I am using an RK4 algorithm:

function R=RK4_h(f,a,b,ya,h)

%  Input
%   - f field of the edo y'=f(t,y). A string of characters 'f'
%   - a and b initial and final time
%   - ya initial value y0
%   - h lenght of the step

%  Output
%   - R=[T' Y'] where T independent variable and Y dependent variable


N = fix((b-a) / h);
T = zeros(1,N+1);
Y = zeros(1,N+1);

%   Vector of the time values 
T = a:h:b;

%   Solving ordinary differential equation
Y(1) = ya;
for j = 1:N
    k1 = h*feval(f,T(j),Y(j));
    k2 = h*feval(f,T(j)+h/2,Y(j)+k1/2);
    k3 = h*feval(f,T(j)+h/2,Y(j)+k2/2);
    k4 = h*feval(f,T(j)+h,Y(j)+k3);
    Y(j+1) = Y(j) + (k1+2*k2+2*k3+k4)/6;
end
R=[T' Y'];

In my main script I call it for every value as:

xlabel('x')
ylabel('y')

h=0.05;
fprintf ('\n First block \n');
xx = [0:h:1];
Nodes = length(xx);
yy = zeros(1,Nodes);
for i=1:Nodes
  fp(i)=feval('edo',-1,xx(i));
end
E=RK4_h('edo',0,1,-1,h);
plot(E);
fprintf ('\n%f',E);

The problem is when I try to use RK4 algorithm with edo formula:

function edo = edo(y,t)
edo = 6*((exp(1))^(6*t))*(y-(2*t))^2+2;

The results are not logical, for example, the real value for are: y(0)=8, y(1)=11,53. But the estimate is not close. Any of both coordinates in E vector represents a feasible approach for the problem, so I do not know if this is the correct implementation.

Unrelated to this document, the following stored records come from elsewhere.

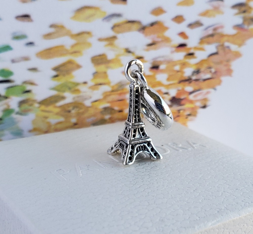 New Pandora Authentic Eifel Tower Dangle Charm The charms are new, never worn. Some charms are used for pictures and advertising purposes only. All charms come in Jewelry Pouch with Pandora logo on it. Bracelet and Box NOT INCLUDED.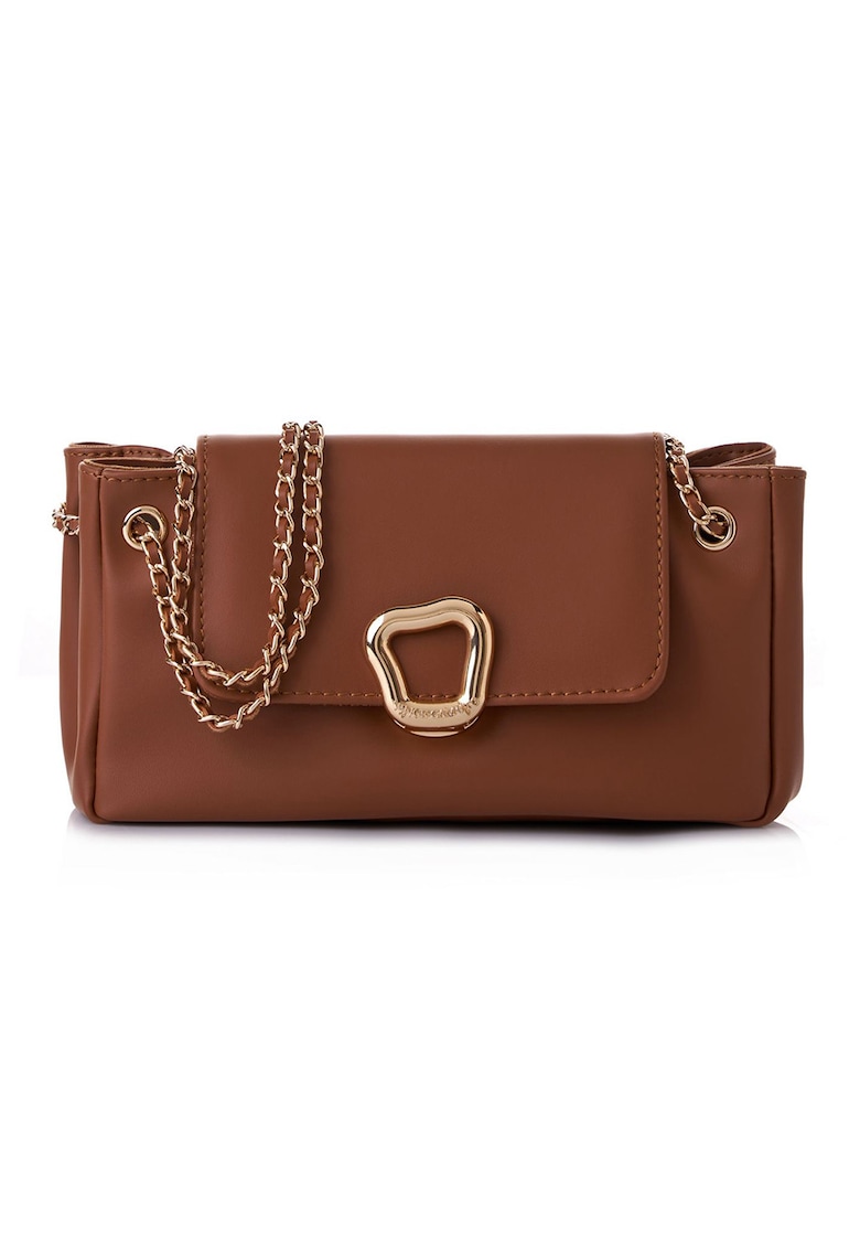 Caracteristici Culoare: maro scortisoara Material: piele ecologica Model: de umar Stil: casual Imprimeu: uni Barete: lant Buzunare: 1 interior Compartimente: 1 Culoare elemente metalice: auriu Sistem inchidere: sistem metalic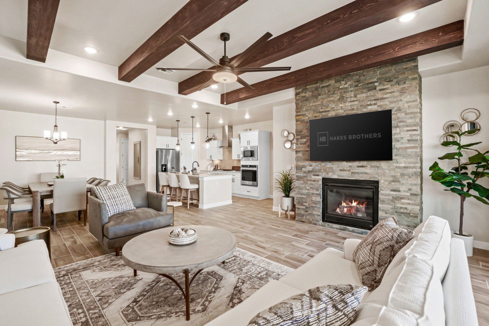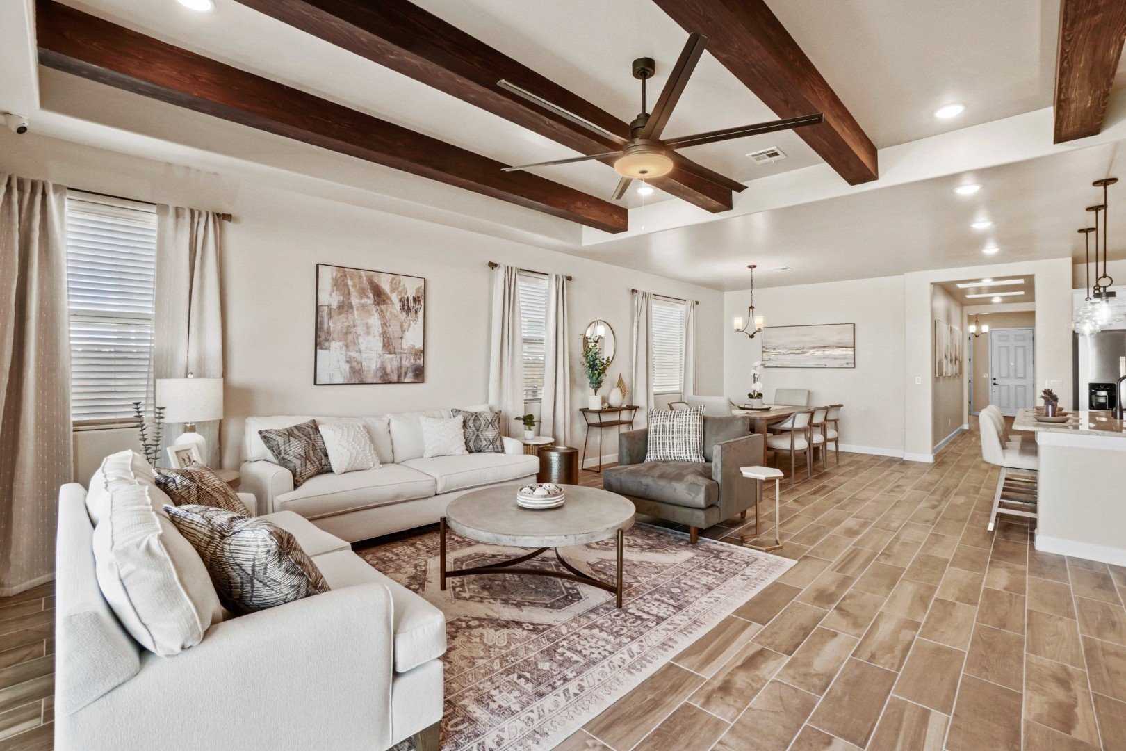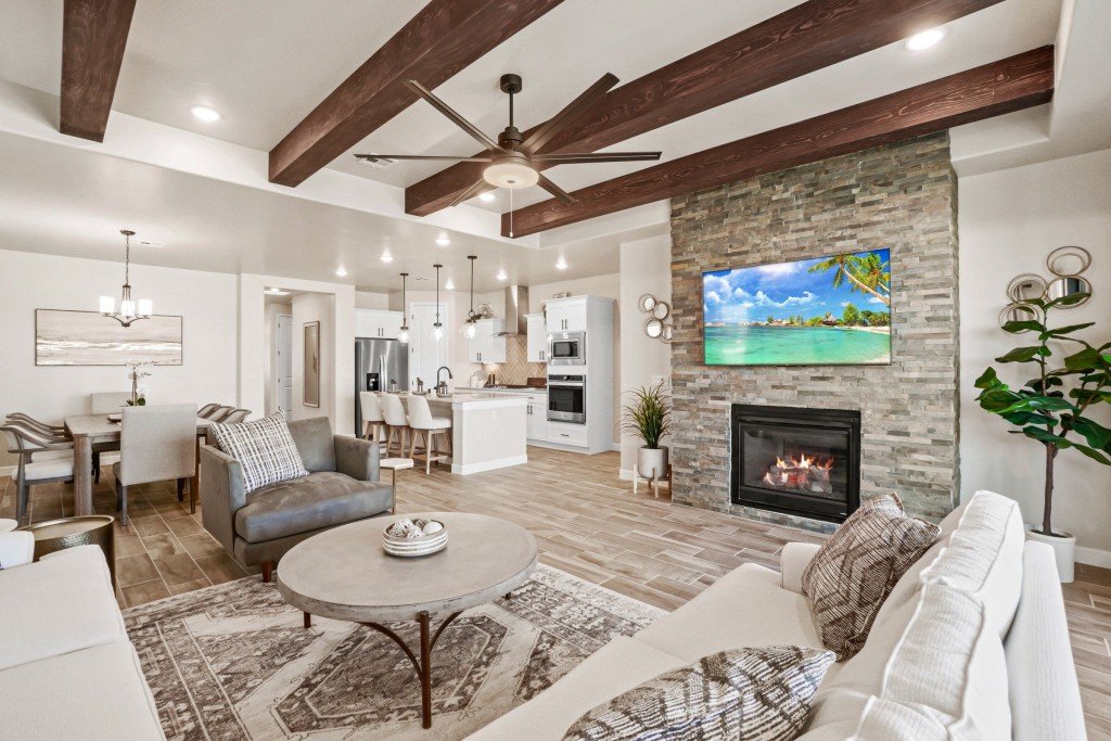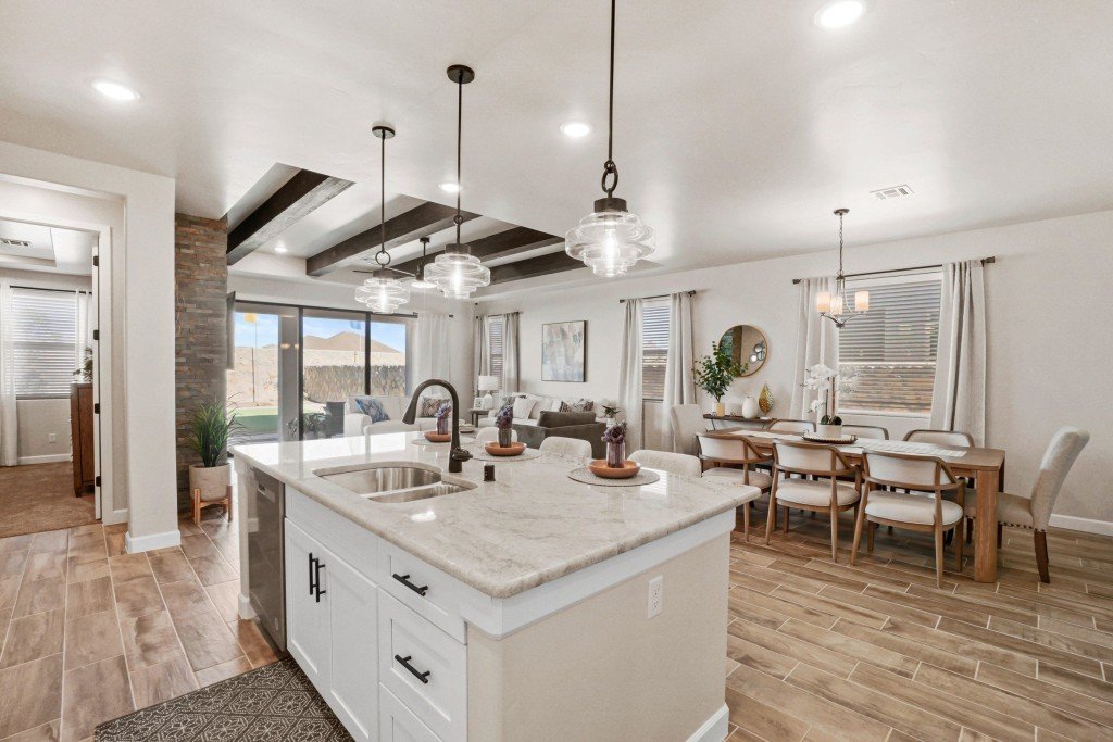 - Open-concept design with a spacious great room, dining area, and kitchen.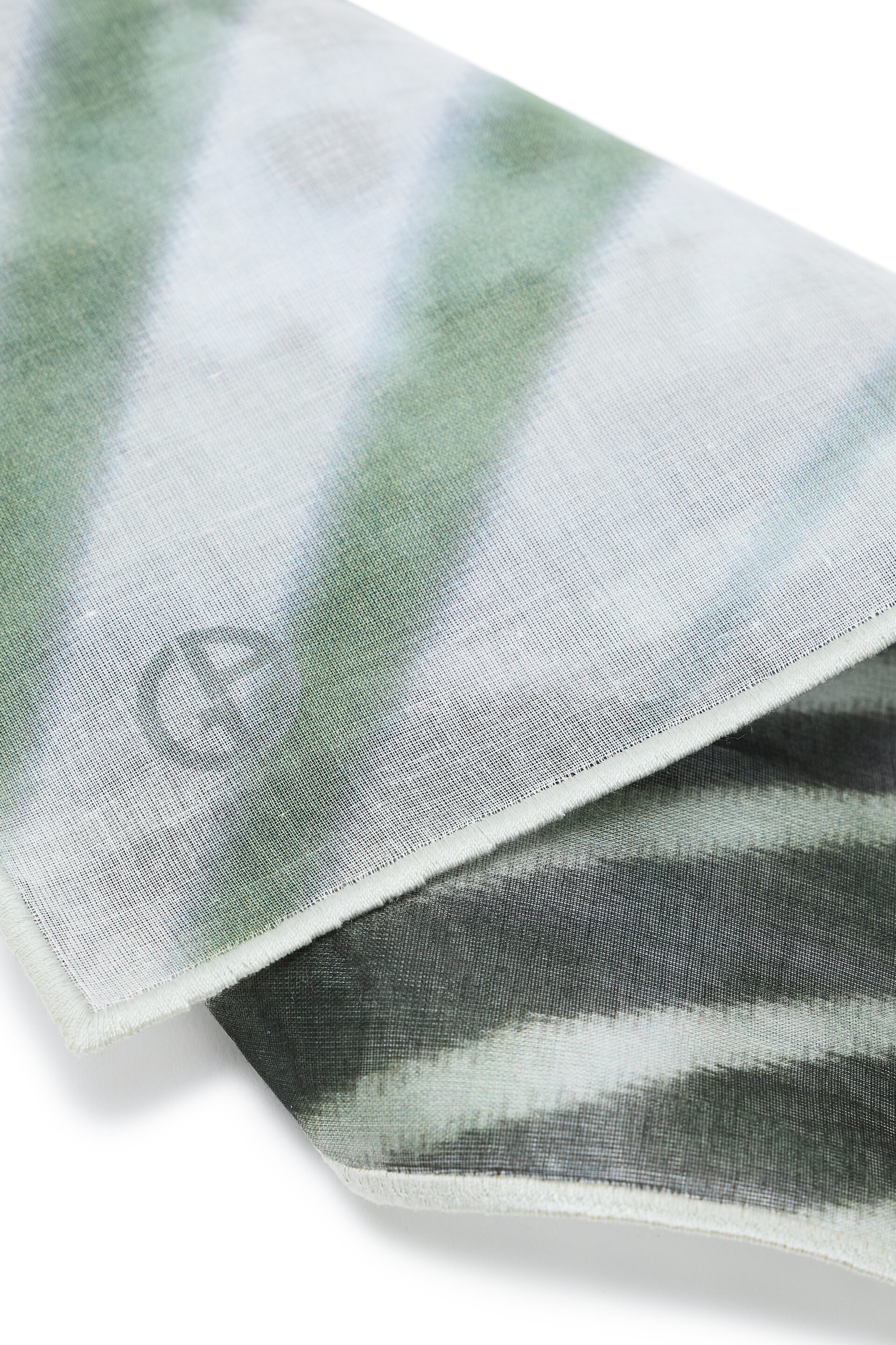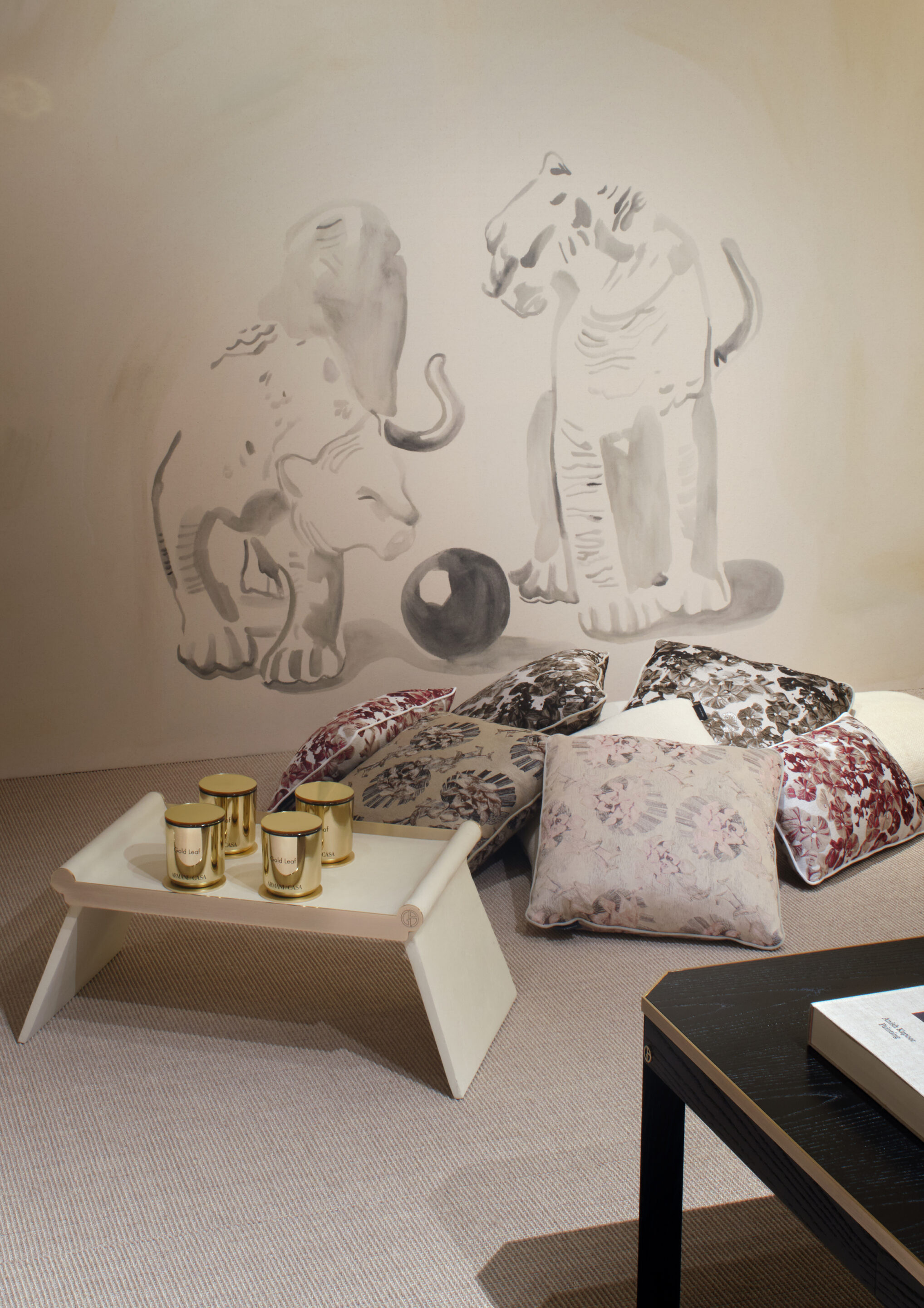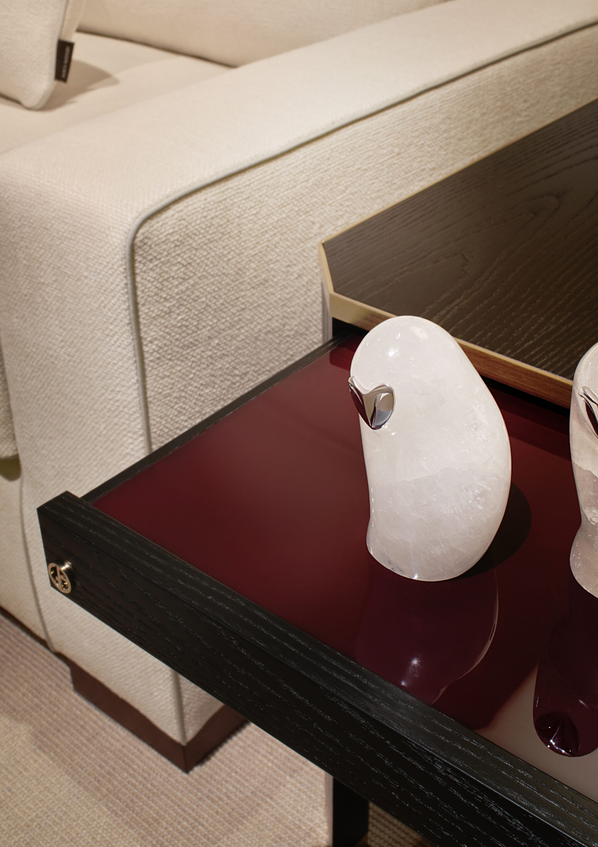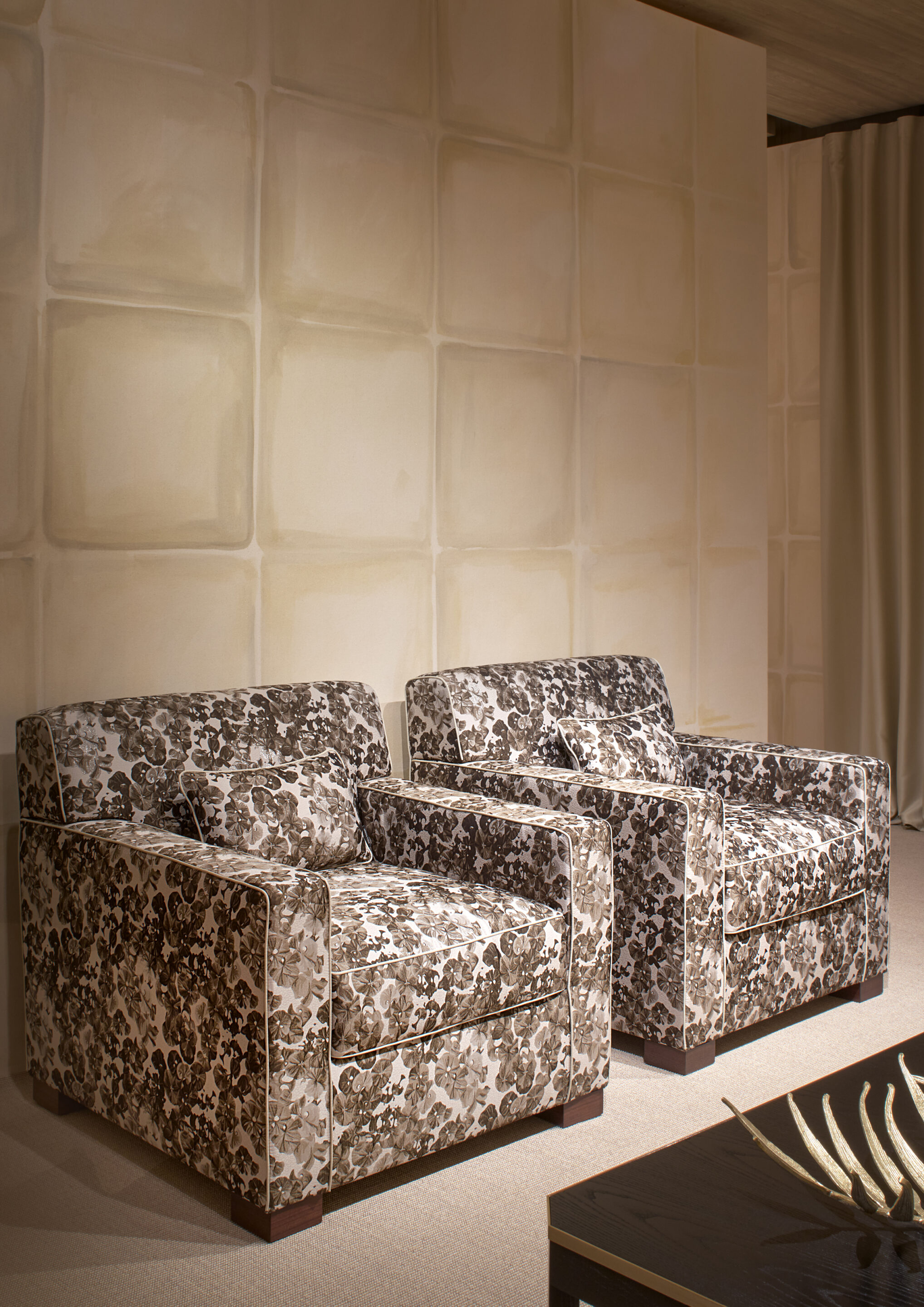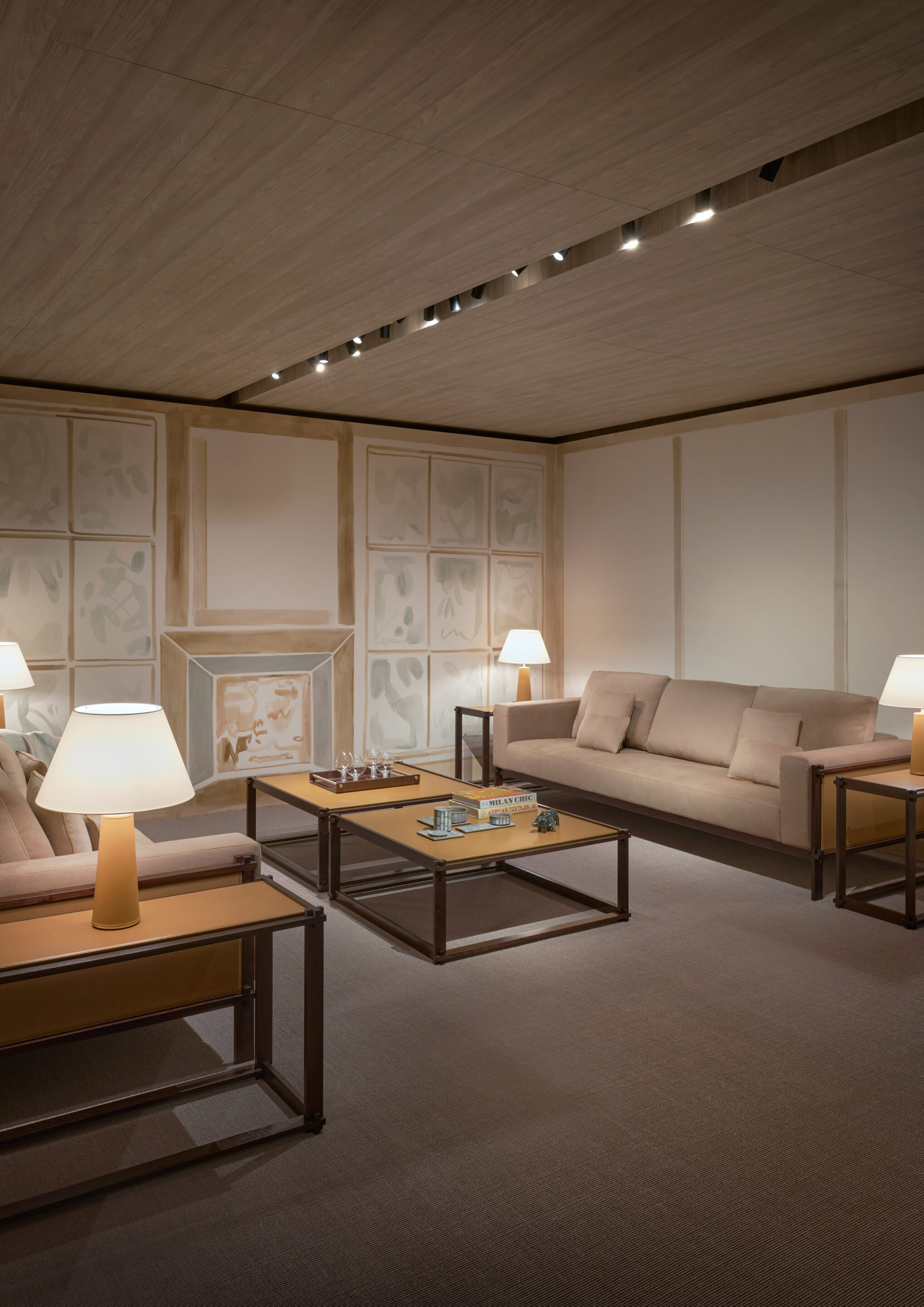 Une référence à l’escalier et aux panthères noires sculptées, l’un des coins les plus emblématiques de la maison milanaise de Giorgio Armani, caractérise la présentation du canapé habillé du précieux lin BILBAO à texture chenille délavée, des fauteuils ALBERT revêtus du jacquard floral BERLIN sur fond effet craquelé, des tables basses et tables d’appoint BRERA en frêne teinté noir avec bords métalliques dorés et petits plateaux extractibles contrastés, ainsi que des lampes LOGO. Couleurs, formes et textures s’harmonisent dans une expression d’équilibre parfait.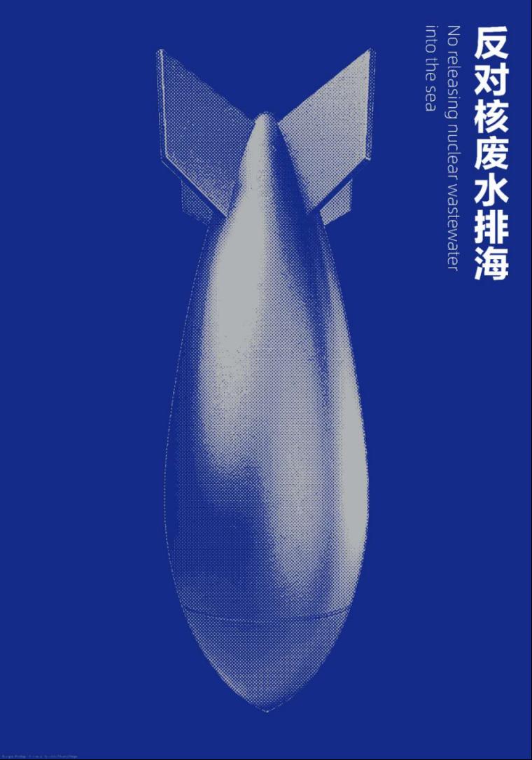 《反对核废水入海》以核弹形态为创作灵感,核废水入海给海洋生态造成不可逆转的危害,以此来呼吁大家加强对环境生态保护的重视。

There is a basic error of implementation?

Answer 1

The function edo takes t as the first parameter, and y as the second parameter. You have the parameters reversed.

Your function should be:

 function edo = edo(t,y)   % NOT edo(y,t)
   edo = 6*((exp(1))^(6*t))*(y-(2*t))^2+2;